▸ Activity: Repeat the data that follows, word for word, without the images.

-- Opening Marker --

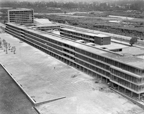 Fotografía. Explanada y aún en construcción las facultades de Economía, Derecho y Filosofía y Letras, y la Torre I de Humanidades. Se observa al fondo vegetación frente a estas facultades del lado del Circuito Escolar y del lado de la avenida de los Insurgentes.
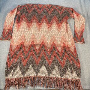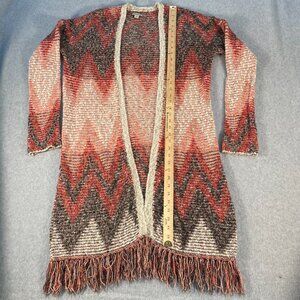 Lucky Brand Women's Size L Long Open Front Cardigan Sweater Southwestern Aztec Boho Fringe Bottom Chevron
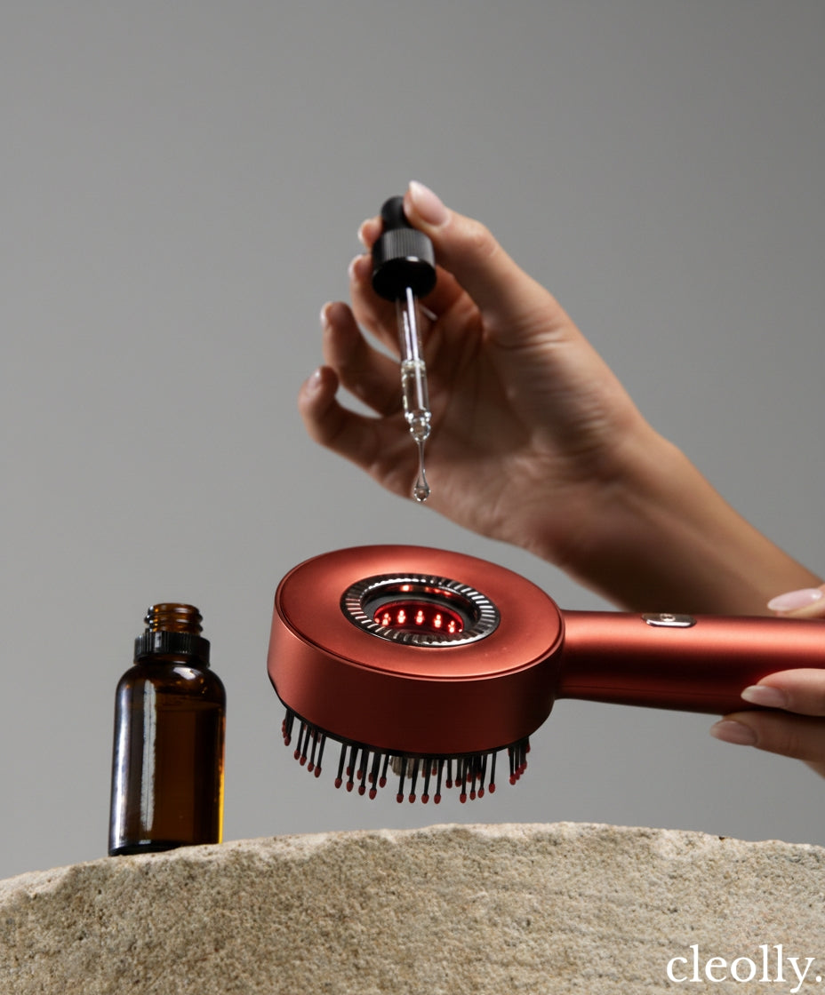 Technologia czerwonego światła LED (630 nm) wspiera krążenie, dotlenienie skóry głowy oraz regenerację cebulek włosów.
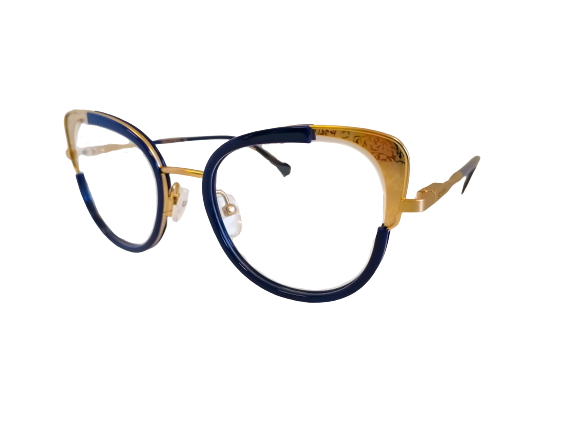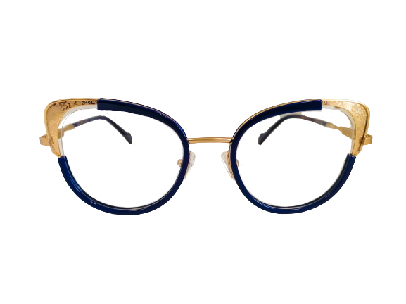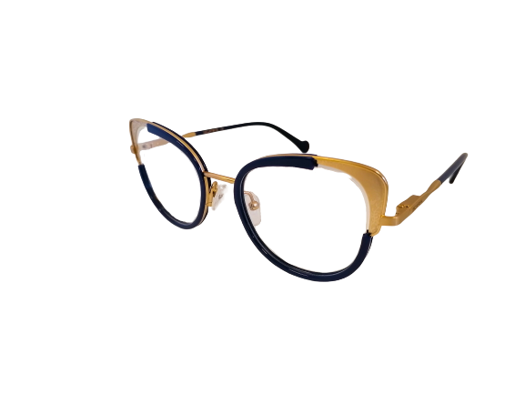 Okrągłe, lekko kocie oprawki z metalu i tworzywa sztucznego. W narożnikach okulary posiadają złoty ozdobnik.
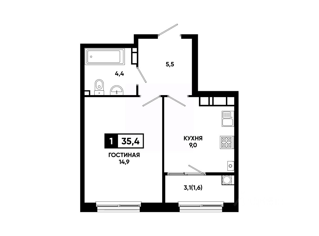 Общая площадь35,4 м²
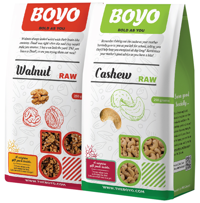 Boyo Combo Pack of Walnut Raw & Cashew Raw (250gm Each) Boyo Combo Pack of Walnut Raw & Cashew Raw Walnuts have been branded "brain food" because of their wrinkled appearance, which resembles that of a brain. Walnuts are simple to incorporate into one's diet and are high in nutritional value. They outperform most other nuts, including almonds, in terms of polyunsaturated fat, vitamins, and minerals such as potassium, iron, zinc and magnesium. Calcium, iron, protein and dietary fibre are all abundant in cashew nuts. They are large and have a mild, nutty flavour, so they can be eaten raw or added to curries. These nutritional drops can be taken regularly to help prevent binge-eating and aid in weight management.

-- Closing Marker --

▸ Completed exercise:
 Fotografía. Explanada y aún en construcción las facultades de Economía, Derecho y Filosofía y Letras, y la Torre I de Humanidades. Se observa al fondo vegetación frente a estas facultades del lado del Circuito Escolar y del lado de la avenida de los Insurgentes.
 Lucky Brand Women's Size L Long Open Front Cardigan Sweater Southwestern Aztec Boho Fringe Bottom Chevron
 Technologia czerwonego światła LED (630 nm) wspiera krążenie, dotlenienie skóry głowy oraz regenerację cebulek włosów.
 Okrągłe, lekko kocie oprawki z metalu i tworzywa sztucznego. W narożnikach okulary posiadają złoty ozdobnik.
 Общая площадь35,4 м²
 Boyo Combo Pack of Walnut Raw & Cashew Raw (250gm Each) Boyo Combo Pack of Walnut Raw & Cashew Raw Walnuts have been branded "brain food" because of their wrinkled appearance, which resembles that of a brain. Walnuts are simple to incorporate into one's diet and are high in nutritional value. They outperform most other nuts, including almonds, in terms of polyunsaturated fat, vitamins, and minerals such as potassium, iron, zinc and magnesium. Calcium, iron, protein and dietary fibre are all abundant in cashew nuts. They are large and have a mild, nutty flavour, so they can be eaten raw or added to curries. These nutritional drops can be taken regularly to help prevent binge-eating and aid in weight management.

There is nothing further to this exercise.